Despite advances in the treatment of gastroesophageal cancers, they remain one of the highest causes of cancer death. As these cancers are often diagnosed at an advanced stage, the approval of immunotherapy in combination with chemotherapy provides additional therapeutic options for clinicians to help improve patient care. To our knowledge, prior to CM 649 trial, there had been no global studies reporting a median OS exceeding 1 year among patients with HER2-negative GC/GEJC/EAC in the first-line setting. Considering the poor prognosis of this patient population, a nearly 2-month survival gain that was quality-adjusted associated with NIVO + chemo reported in this study represents a meaningful improvement in patient care.

The present analysis utilized the Q-TWiST method that has been in use since the mid-1980s to evaluate the risk–benefit profile of competing interventions; however, there are certain limitations. First, the primary analysis considered only grade 3–4 AEs and did not account for grade 1–2 AEs, which may also impact QoL, especially if symptoms are ongoing. To fully quantify the benefit of therapies, we performed a sensitivity analysis incorporating grade 2 AEs lasting 28 days or longer, which yielded consistent findings to the primary analysis. Second, our analysis did not distinguish between AEs of different types and assumed the same QoL utilities for all AEs of interest. Third, certain drug-related effects may not be reportable as AEs but may affect patient QoL. We were unable to capture these potential events in this analysis. Fourth, the analysis did not include AEs that occurred after disease progression. Finally, the predefined relative Q-TWiST gains threshold of ≥ 10% in our study was met in some subgroups but not others, and multiple testing correction was not applied; hence, results from subgroups should be interpreted with caution.
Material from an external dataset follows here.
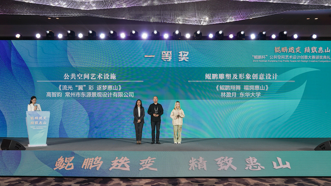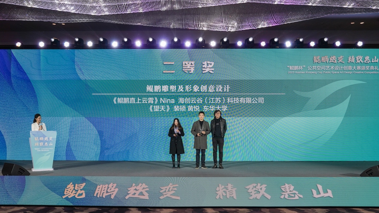 12月25日大赛颁奖典礼在无锡隆重举行。JKF 捷克论坛两组团队斩获一、二等奖。22级研究生林盈月的作品《鲲鹏翔舞,福拥惠山》(指导教师:冯信群)获“鲲鹏雕塑及形象标识”单元唯一一等奖(奖金6万),22级研究生裴硕、黄悦的作品《望天》(指导教师:冯信群、赵强)获“鲲鹏雕塑及形象标识”单元二等奖(奖金4万)。

Nonetheless, our study demonstrates several strengths. The analysis relies on a well-established method that was developed specifically to assess quality-adjusted survival in oncology. The Q-TWiST method has been applied in numerous treatment comparisons across multiple indications. Additionally, more than 50 such analyses in oncology have been published, including a study comparing trastuzumab plus chemotherapy versus chemotherapy alone as first-line treatment for advanced HER2-positive GC using data from the phase 3 ToGA (Trastuzumab for Gastric Cancer) trial [21]. These analyses serve as benchmarks that allow a comparison between our study findings and published results. For comparison, in prior analyses in HER2-positive patients with advanced gastric cancer, trastuzumab plus chemotherapy extended Q-TWiST by 2.42 months compared with chemotherapy alone[22], while recently trastuzumab deruxtecan was also estimated to extend quality-adjusted survival by 0.9 months compared to chemotherapy (6.6 vs 5.7 months) over 10 months of follow-up [23]. When benchmarked against previously published Q-TWiST analyses of multiple oncology therapies that were included in a benchmark review [20], the relative gain among all randomized patients in the CM-649 trial was higher than the majority (68%) of published results for oncology therapies (Fig. 1a). Lastly, this study performed multiple threshold, sensitivity, and subgroup analyses to explore the robustness of our findings.

In conclusion, our Q-TWiST analysis, which combines both efficacy and safety endpoints and accounts for patient QoL in different health states, demonstrated a statistically significant and clinically important gain in quality-adjusted survival of NIVO + chemo compared with chemo alone among previously untreated patients with advanced GC/GEJC/EAC. These Q-TWiST benefits were further increased in patients with tumors of higher PD-L1 expression (CPS ≥ 5). These results add to the findings from the CM 649 trial, supporting the use of NIVO + chemo as the standard of care for patients with advanced GC/GEJC/EAC.